Lurkhunter commented 1 year ago

sorry, "partial matching"

please read other comments

for gt_val in gt_list: for pred_val in pred_list:

if pred_val.lower() == gt_val.lower() or gt_val.lower() == pred_val.lower():

    if pred_val.lower() in gt_val.lower() or gt_val.lower() in pred_val.lower():        
        tp+=1
        break
twotwoiscute commented 1 year ago

@Lurkhunter My version of this project only shows

for gt_val in gt_list:
    for pred_val in pred_list:
        if pred_val.lower() == gt_val.lower() or gt_val.lower() == pred_val.lower():
            tp+=1
            break

which does not use in , so result in the paper useif pred_val.lower() in gt_val.lower() or gt_val.lower() in pred_val.lower(): to count tp ?

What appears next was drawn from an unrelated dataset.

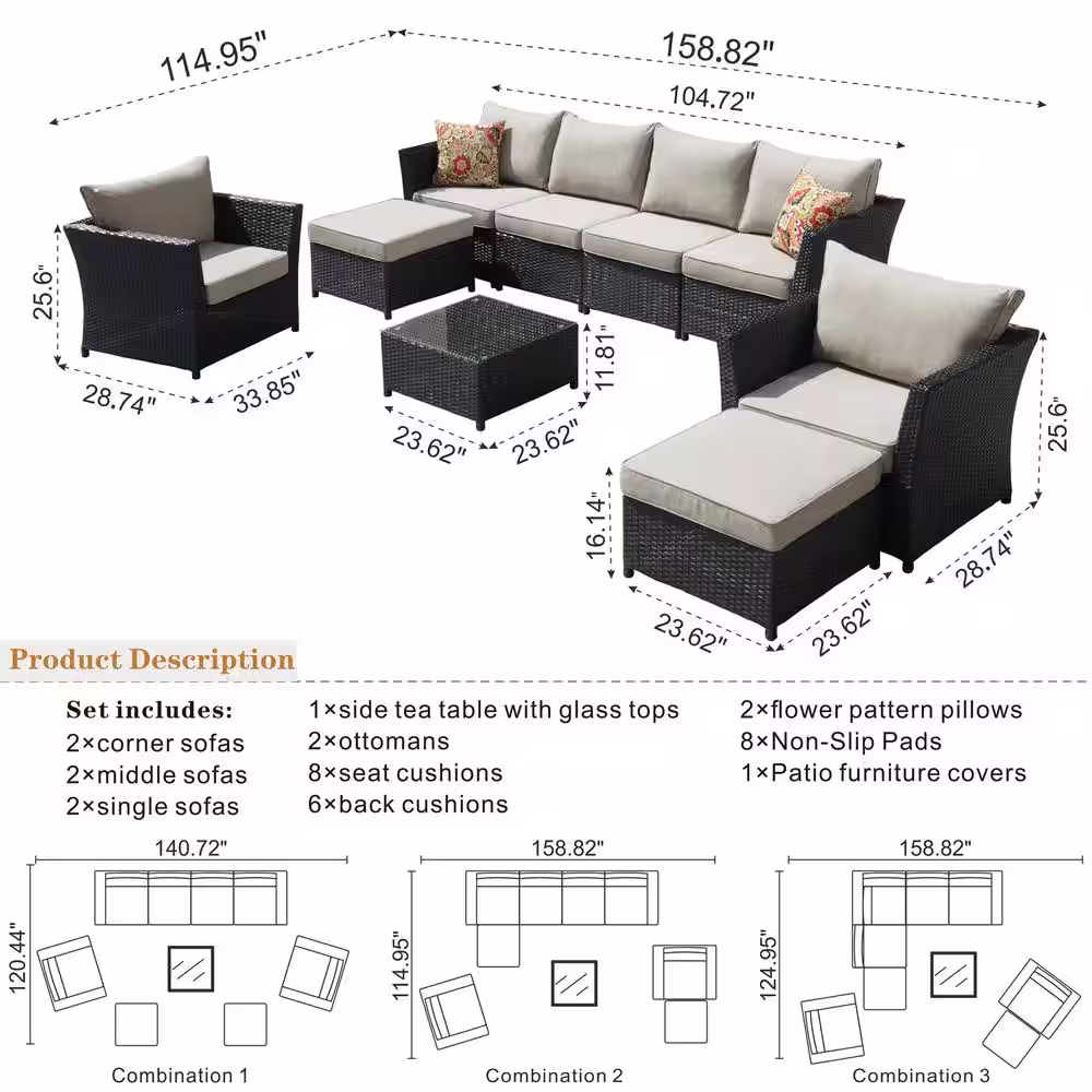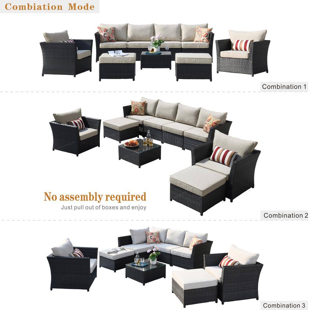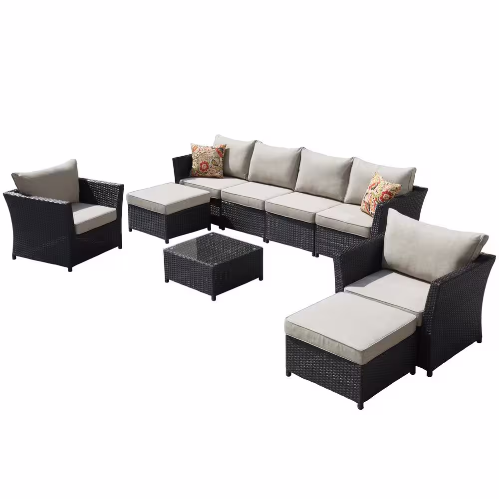 None Minerva Brown 9-Piece Wicker Outdoor Patio Conversation Sectional Sofa Set with Beige Cushions
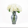 Bring joy to your loved one's day with the enduring grace of white hydrangeas presented in a smoky-coloured glass vase. This refined arrangement seamlessly merges timeless beauty with modern sophistication, making it an ideal enhancement for any home or office setting. The luxuriant white hydrangeas radiate purity and elegance, while the smoky-coloured glass vase introduces an element of allure and fascination to the ensemble. Whether as a treat for yourself or a cherished gift for a loved one, indulge in the exquisite allure of white hydrangeas in a smoky-coloured glass vase and infuse any space with effortless charm.

The table show below is copy from paper.

Model         Lapt14 Rest14 Rest15 Rest16
GPT2med       82.04 75.94 - -
GRACE         87.93 85.45 - -
BARTABSA      83.52 87.07 75.48 -
IT-MTL        76.93 - 74.03 79.41
InstructABSA1 91.40 92.76 75.23 81.48
InstructABSA2 92.30 92.10 76.64 80.32

DoGPT2med, GRACE, BARTABSA, IT-MTL count the tp in this way?

twotwoiscute commented 1 year ago

@Lurkhunter

I have read articles in recent years regarding the issue of ==, and their standards are completely consistent

Could please tell me the papers you read mentioned in this comment? Thanks!